After the whole world was amazed by the invention of James Watt, the widespread use of steam engines began. So, in 1802, the first ship for a couple appeared in England - the Charlotte Dundas boat. Its creator is William Symington. The boat was used as towing barges along the canal. The role of the mover on the ship was played by a paddle wheel mounted on the stern. The boat successfully passed the tests the first time: it towed two huge barges 18 miles in six hours. At the same time, the headwind greatly interfered with him. But he managed.
And yet they put it on hold, because they feared that due to the strong waves that were created under the paddle wheel, the banks of the canal would be washed out. By the way, the test of "Charlotte" was attended by a man whom the whole world today considers the creator of the first steamship.
in the world
An English shipbuilder from his youth dreamed of a ship with a steam engine. And now his dream has come true. After all, the invention of steam engines was a new impetus in shipbuilding. Together with the envoy from America, R. Livingston, who took over the material side of the issue, Fulton took up the project of a ship with a steam engine.
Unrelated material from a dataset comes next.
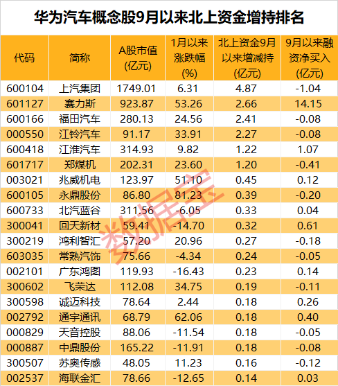 资金面上来看,近期部分股票获得北上资金、融资资金加仓。数据宝统计,按照区间成交均价计算,北上资金9月以来加仓超亿元的华为汽车概念股有6只,分别是上汽集团、赛力斯、福田汽车、江铃汽车、江淮汽车、郑煤机。同期融资净买入超亿元的也有6只,分别是赛力斯、润和软件、光弘科技、高鸿股份、江淮汽车、铭普光磁(维权)。

It was a complex invention based on the idea of an oar mover. Along the sides of the ship stretched in a row plates imitating a lot of oars. At the same time, the plates now and then interfered with each other and broke. Today we can easily say that the same effect could be achieved with just three or four tiles. But from the standpoint of science and technology of that time, it was unrealistic to see this. Therefore, shipbuilders had a much harder time.
In 1803, Fulton's invention was introduced to the world. The steamer moved slowly and evenly along the Seine, striking the minds and imagination of many scientists and figures in Paris. However, the Napoleonic government rejected the project, and the disgruntled shipbuilders were forced to seek their fortune in America.
And in August 1807, the world's first steamboat called the Claremont, in which the most powerful steam engine was involved (photo is presented), went along the Hudson Bay. Many then simply did not believe in success.
The Claremont went on its maiden voyage without cargo and without passengers. No one wanted to travel aboard a fire-breathing ship. But already on the way back, the first passenger appeared - a local farmer who paid six dollars for a ticket. He became the first passenger in the history of the shipping company. Fulton was so moved that he gave the daredevil a lifetime free ride on all of his inventions.